In Chapter 3, we explored issues of policy and wellbeing and, in Chapter 4, we examined the practice in schools to promote wellbeing, with a particular emphasis on the Social and Emotional Aspects of Learning (SEAL) programme. Policy (and its resulting practice) is dependent on measurement. The purpose of policy is to enable change, and change can only impact on those aspects of social life that can be measured. Measurement is necessary as part of processes of the examination (Foucault, 1991a) of the public body underpinning the ability of the state to regulate the lives of its citizens and to control their destinies.
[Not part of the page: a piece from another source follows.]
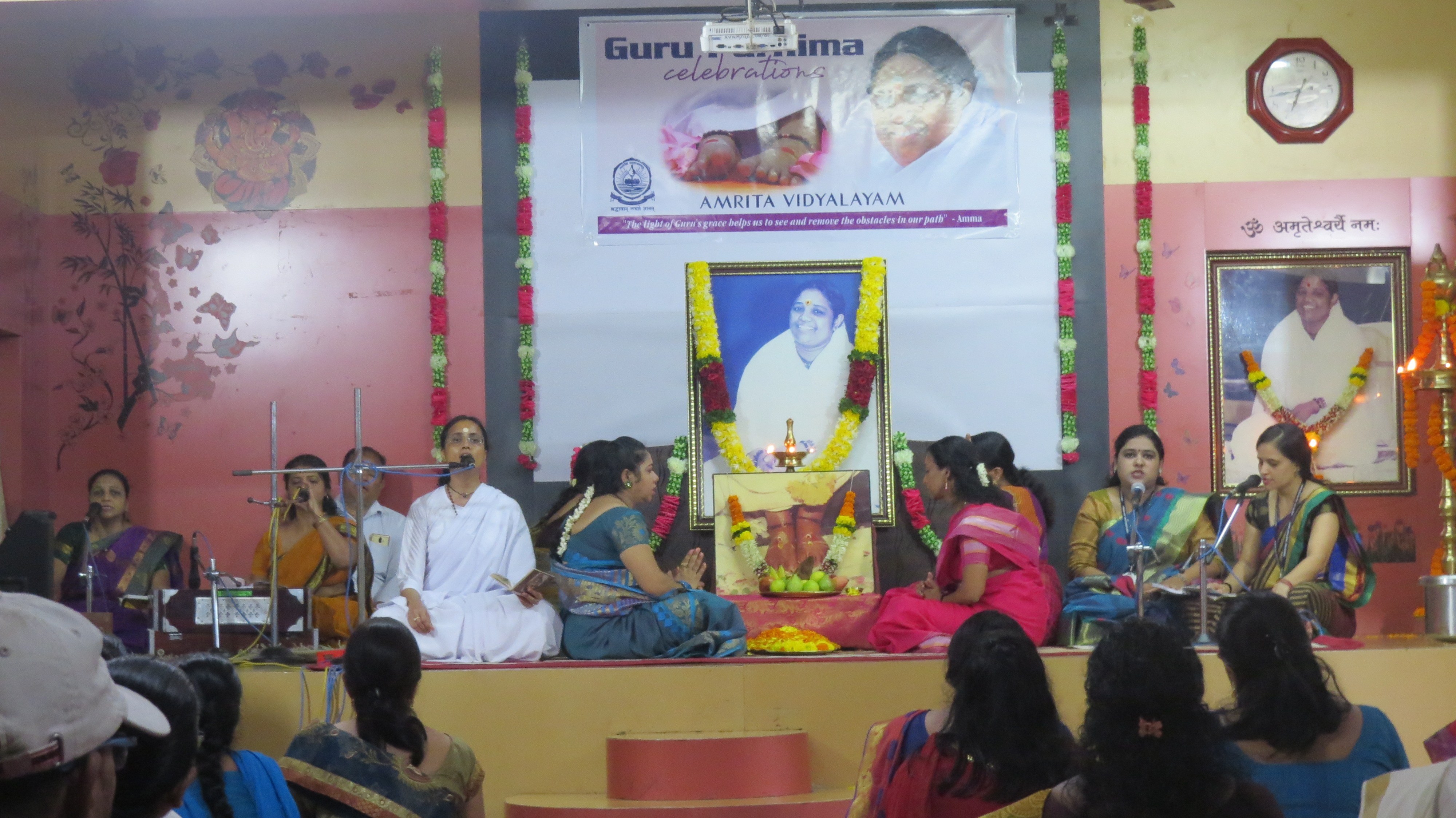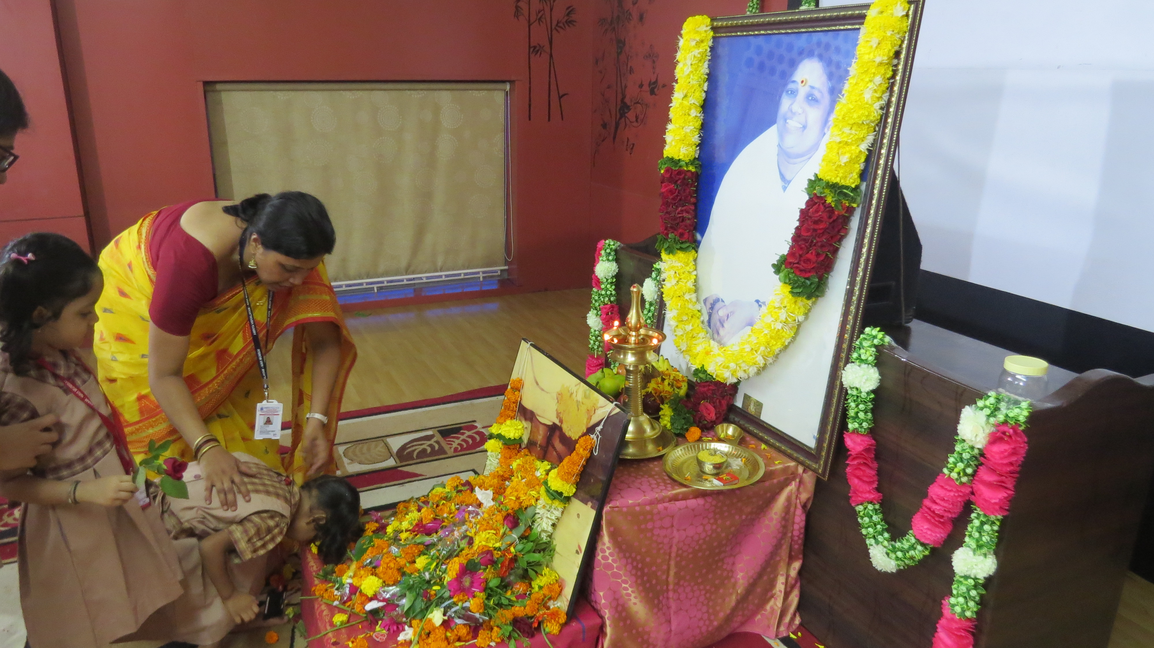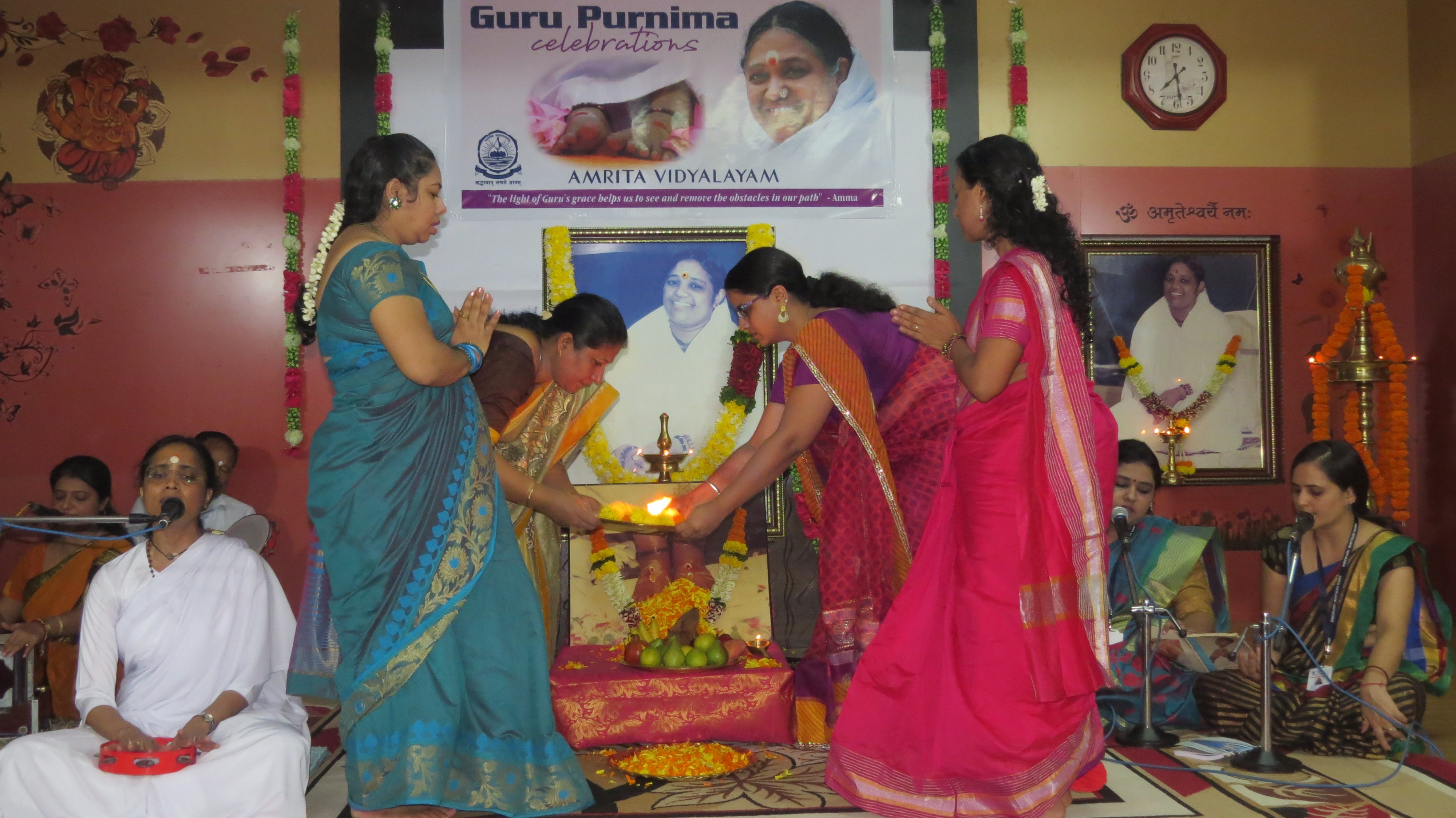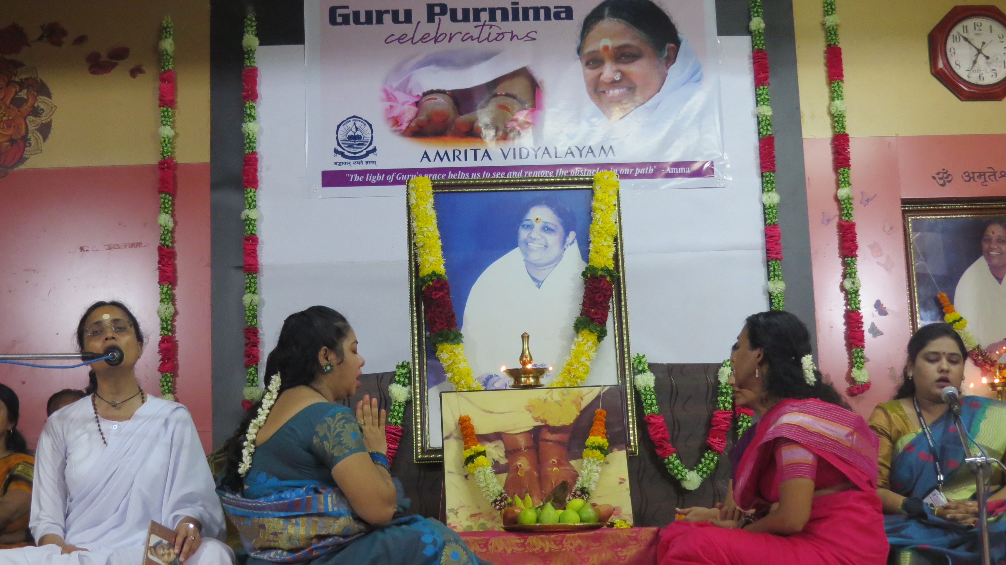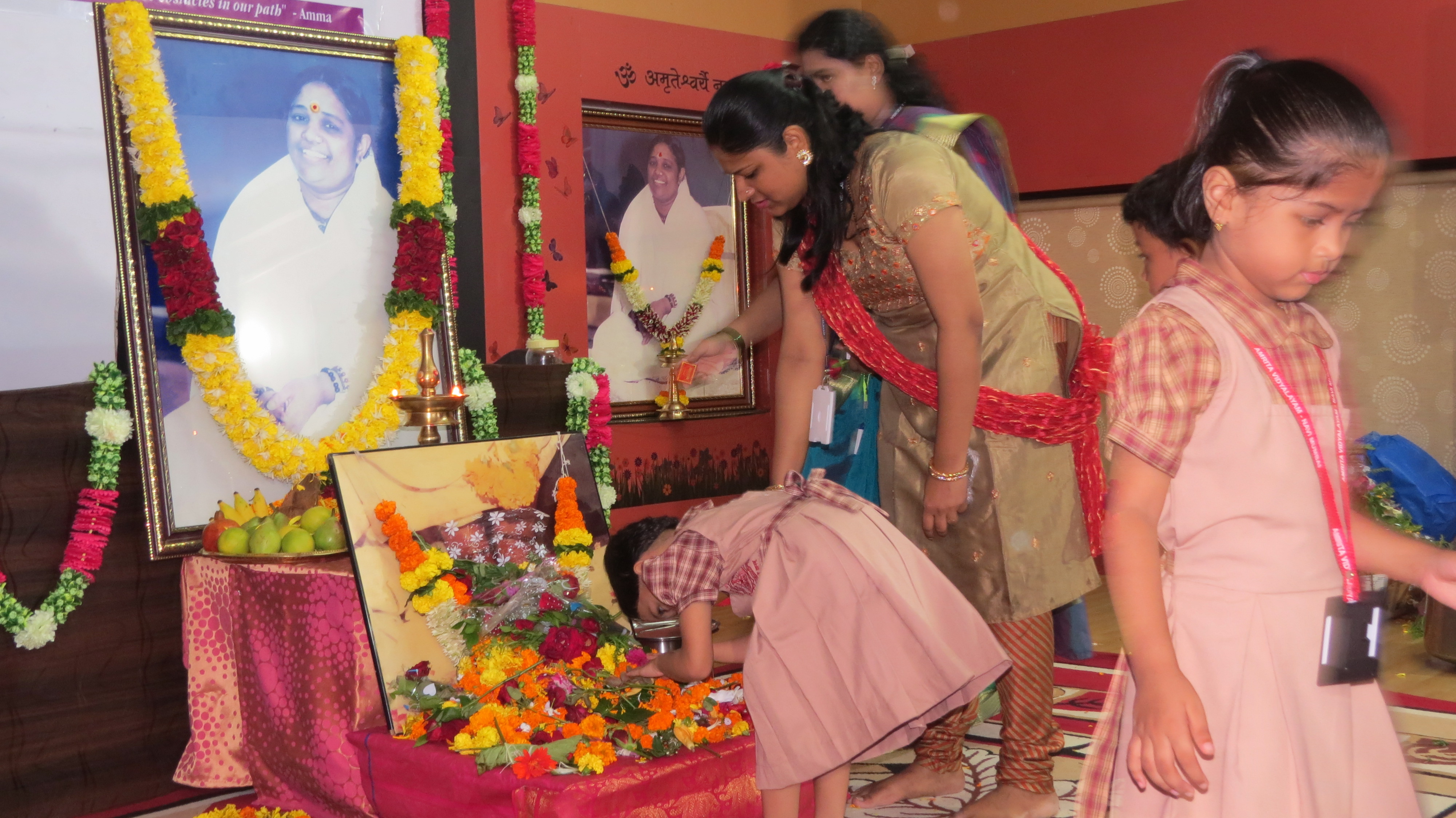 Brni. Rekha guided the teachers to meditate after which the celebrations concluded with Aarthi and the chanting of Shanti Mantra. Teachers and students offered Pushpanjali at Amma’s feet and were given prasad. The prayer students chanted Guru Stotram and a special dedication to Guru by the rendition of a melodious song by Anandamayi House students certainly filled the atmosphere with divinity.

Such measurement is focused on the ‘social body’, through the action of the ‘body politic’ (Scheper-Hughes and Lock, 1987). Policy also impacts on the phenomenological body of the person. Through the discursive practices of examination and the modern concept of intervention, the measurement of wellbeing is increasingly used to identify problems in the population (especially children) as part of an accepted policy strategy of early intervention: spot problems early and they can be eradicated. The shift towards emphasis on the phenomenological body, as opposed to action focused on the social body, reflected a shift in the neo-liberal agenda pursued by New Labour during their term of office. In 1997, on taking power, Tony Blair emphasised activity focused on the failings of the phenomenological body:

Social exclusion is about income but it is about more. It is about prospects and networks and life-chances. It's a very modern problem, and one that is more harmful to the individual, more damaging to self-esteem, more corrosive for society as a whole, more likely to be passed down from generation to generation, than material poverty. Getting government to act more coherently is the key. Everyone knows that the problems of social exclusion – of failure at school, joblessness, crime – are woven together when you get down to the level of the individual's daily life, or the life of a housing estate…. Our actions on exclusion reflect our values and those of the British people. It offends against our values to see children with no prospect of work, families trapped in poverty, neighbourhoods blighted by crime. But this isn't just about compassion. It's also about self-interest. If we can shift resources from picking up the costs of problems to preventing them, there will be a dividend for everyone.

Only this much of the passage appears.